*** Material provided ***
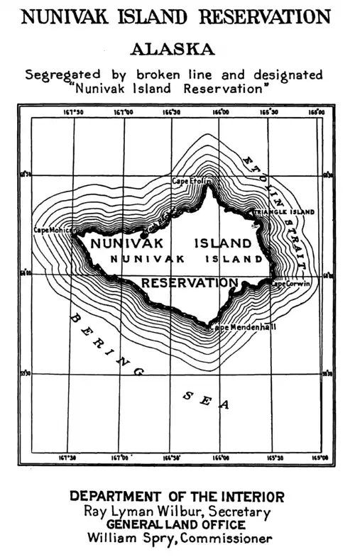 It is hereby ordered that Nunivak Island, west of Etolin Strait, off the coast of Alaska, located approximately in latitude 60° north, longitude 166° west from Greenwich, in Bering Sea, and located within the area segregated by the broken line upon the diagram hereto attached and made a part of this order, be and the same is hereby reserved from settlement, location, sale, or entry, and from classification and lease under the provisions of the Act approved March 4, 1927 (44 Stat. 1452), entitled "An Act to provide for the protection, development, and utilization of public lands in Alaska by establishing an adequate system of grazing livestock thereon," and set apart for the use of the Department of Agriculture in conducting experiments in the crossing and propagation of reindeer and native caribou, for contemplated experiments in reestablishing the musk ox as a native animal of Alaska, and also as a preserve and breeding ground for native birds and wild game and fur-bearing animals for carrying out the purposes of the Alaska game law of January 13, 1925 (43 Stat. 739, U. S. C., Title 48).
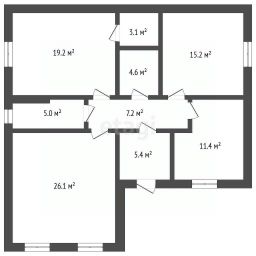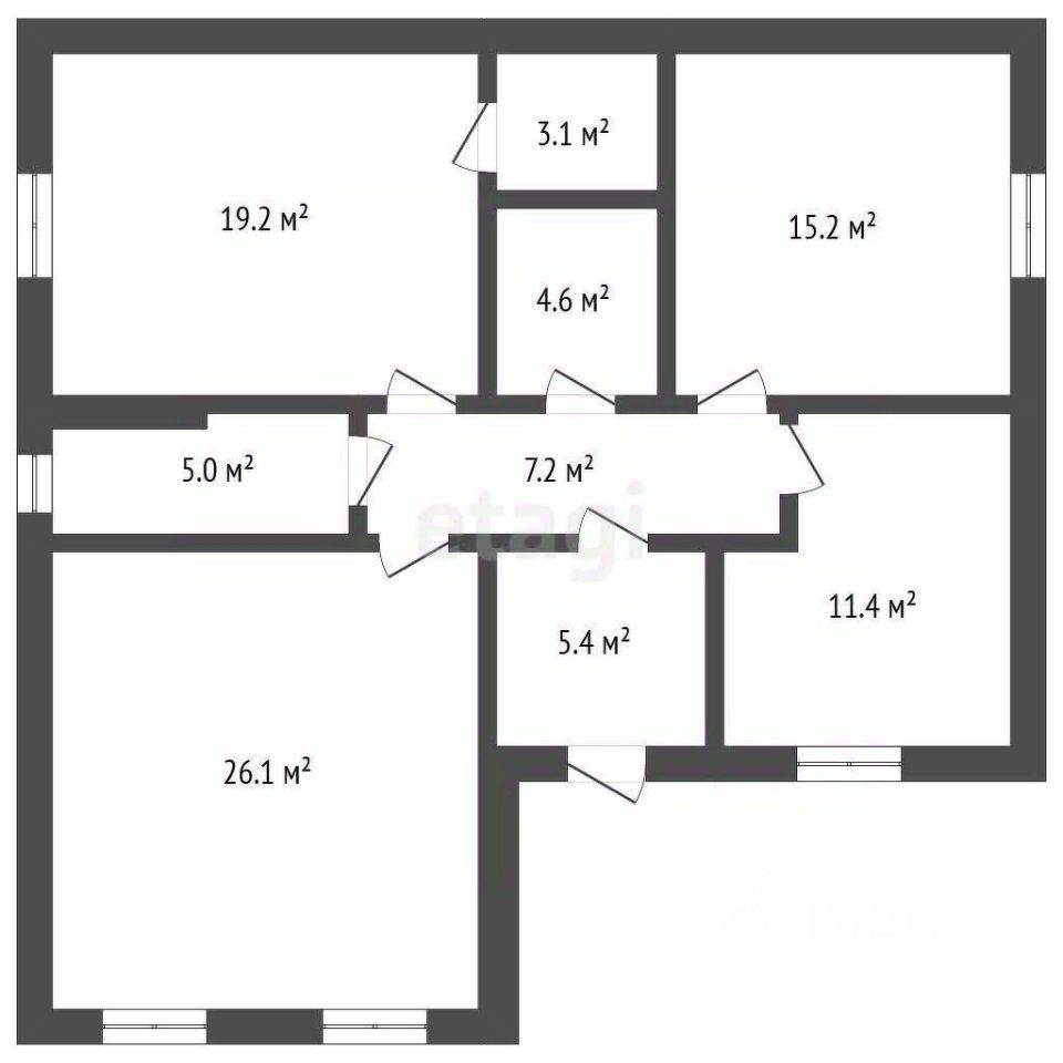 По фасаду площадь застройки 120 кв. Жилая 103 кв. 3 спальни, 2 санузла, 2 прихожие, гардеробная.
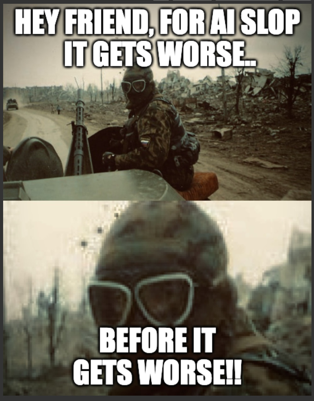 Maybe just me, but i am getting tired of AI generated text. Not talking about this thread or the series, but in general across forums. You get a mountain of text to read through, with potentially faulty info. Sometimes its not even disclosed that this was AI generated and i dont feel like putting effort to read or reply to something that was generated with low effort. Happened once in another forum. Some oversmart dummy was just replying without even understanding. Waste of time. Again, not taking about this one, i just scanned it and did not bother to read much.
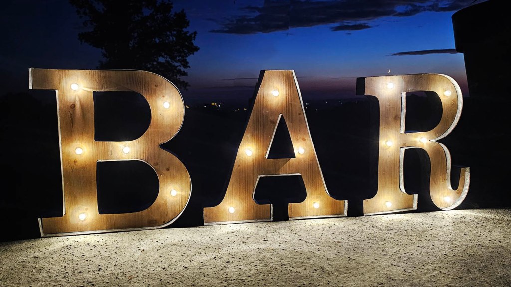 Lettres BAR lumineuses en bois et métal éclairage blanc chaud, idéales pour décorer votre bar quel qu’il soit.
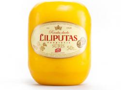 It is 7.5-13 cm in height, 7-8.5 cm in diameter and 0.4-0.7 kg in weight. The cheese is handmade and ripened naturally, offering a very mild and milky flavour. The cheese is made from pasteurised cow's milk, by coagulating the milk and then processing the coagulum, wrapping the cheese mass in woven cotton napkins and pressing it in the traditional cylindrical moulds. The cheese is matured for at least a month by means of internal microflora and surface microflora. Liliputas is traditionally covered with smooth wax layer to preserve freshness.
*** End of Material provided ***
The task: Could the data be reproduced exactly, with the pictures omitted?

Solution below:
 It is hereby ordered that Nunivak Island, west of Etolin Strait, off the coast of Alaska, located approximately in latitude 60° north, longitude 166° west from Greenwich, in Bering Sea, and located within the area segregated by the broken line upon the diagram hereto attached and made a part of this order, be and the same is hereby reserved from settlement, location, sale, or entry, and from classification and lease under the provisions of the Act approved March 4, 1927 (44 Stat. 1452), entitled "An Act to provide for the protection, development, and utilization of public lands in Alaska by establishing an adequate system of grazing livestock thereon," and set apart for the use of the Department of Agriculture in conducting experiments in the crossing and propagation of reindeer and native caribou, for contemplated experiments in reestablishing the musk ox as a native animal of Alaska, and also as a preserve and breeding ground for native birds and wild game and fur-bearing animals for carrying out the purposes of the Alaska game law of January 13, 1925 (43 Stat. 739, U. S. C., Title 48).
 По фасаду площадь застройки 120 кв. Жилая 103 кв. 3 спальни, 2 санузла, 2 прихожие, гардеробная.
 Maybe just me, but i am getting tired of AI generated text. Not talking about this thread or the series, but in general across forums. You get a mountain of text to read through, with potentially faulty info. Sometimes its not even disclosed that this was AI generated and i dont feel like putting effort to read or reply to something that was generated with low effort. Happened once in another forum. Some oversmart dummy was just replying without even understanding. Waste of time. Again, not taking about this one, i just scanned it and did not bother to read much.
 Lettres BAR lumineuses en bois et métal éclairage blanc chaud, idéales pour décorer votre bar quel qu’il soit.
 It is 7.5-13 cm in height, 7-8.5 cm in diameter and 0.4-0.7 kg in weight. The cheese is handmade and ripened naturally, offering a very mild and milky flavour. The cheese is made from pasteurised cow's milk, by coagulating the milk and then processing the coagulum, wrapping the cheese mass in woven cotton napkins and pressing it in the traditional cylindrical moulds. The cheese is matured for at least a month by means of internal microflora and surface microflora. Liliputas is traditionally covered with smooth wax layer to preserve freshness.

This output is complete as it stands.